Let us consider an example to understand the concept explained above. Consider an image, which is 76 pixels along the x axis, and 62 pixels along the y axis. Our aim is to convert the image from sRGB to grayscale. We can calculate the total number of pixels by multiplying the number of pixels along the x axis with the total number along the y axis that comes out to be 4712 pixels. Since we are mapping each thread with each pixel, we need a minimum of 4712 pixels. Let us take number of threads in each direction to be a multiple of 4. So, along the x axis, we will need at least 80 threads, and along the y axis, we will need at least 64 threads to process the complete image. We will ensure that the extra threads are not assigned any work.

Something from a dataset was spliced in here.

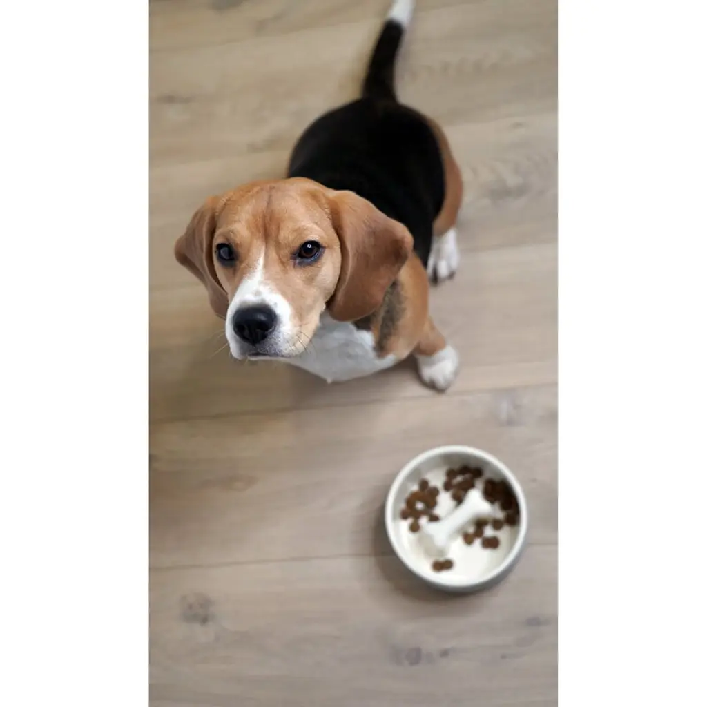 The PAIKKA Slow Feed bowl is a minimalist anti-glutton bowl for dogs who tend to devour their food a bit too quickly. The 3D bone shape in the center of the bowl forces the pet to eat from the edges and work a bit for their food, slowing them down considerably. On the other hand, the design is also beneficial for pets that are not that interested in food: mental stimulation makes eating more enjoyable for the dog. The Slow Feed bowl is handmade from a unique cooling ceramic that stays cool for up to hours, making the food stay fresh for longer and reducing bacterial growth. Before using the bowl, soak it in cold water for 45 seconds to activate the cooling properties. The Slow Feed bowl is also well suited for defrosting raw pet food. What’s more, the bowl is machine washable; however, make sure that the bowl cannot move during washing.

Thus, we are launching 5120 threads to process a 4712 pixels image. You may ask, why the extra threads? The answer to this question is that keeping the dimensions as multiple of 4 has many benefits that largely offsets any disadvantages that result from launching extra threads. This is explained in a later section).

Now, we have to divide these 5120 threads into grids and blocks. Let each block have 256 threads. If so, then one possibility that of the dimensions each block are: (16,16,1). This means, there are 16 threads in the x direction, 16 in the y direction, and 1 in the z direction. We will be needing 5 blocks in the x direction (since there are 80 threads in total along the x axis), and 4 blocks in y direction (64 threads along the y axis in total), and 1 block in z direction. So, in total, we need 20 blocks. In a nutshell, the grid dimensions are (5,4,1) and the block dimensions are (16,16,1). The programmer needs to specify these values in the program. This is shown in the figure above.

  • dim3 dimBlock(5,4,1) − To specify the grid dimensions

  • dim3 dimGrid(ceil(n/16.0),ceil(m/16.0),1) − To specify the block dimensions.

  • kernelName<<<dimGrid,dimBlock>>>(parameter1, parameter2, ...) − Launch the actual kernel.

n is the number of pixels in the x direction, and m is the number of pixels in the y direction. ‘ceil’ is the regular ceiling function. We use it because we never want to end up with less number of blocks than required. dim3 is a data structure, just like an int or a float. dimBlock and dimGrid are variables names. The third statement is the kernel launch statement. ‘kernelName’ is the name of the kernel function, to which we pass the parameters: parameter1, parameter2, and so on. <<<>>> contain the dimensions of the grid and the block.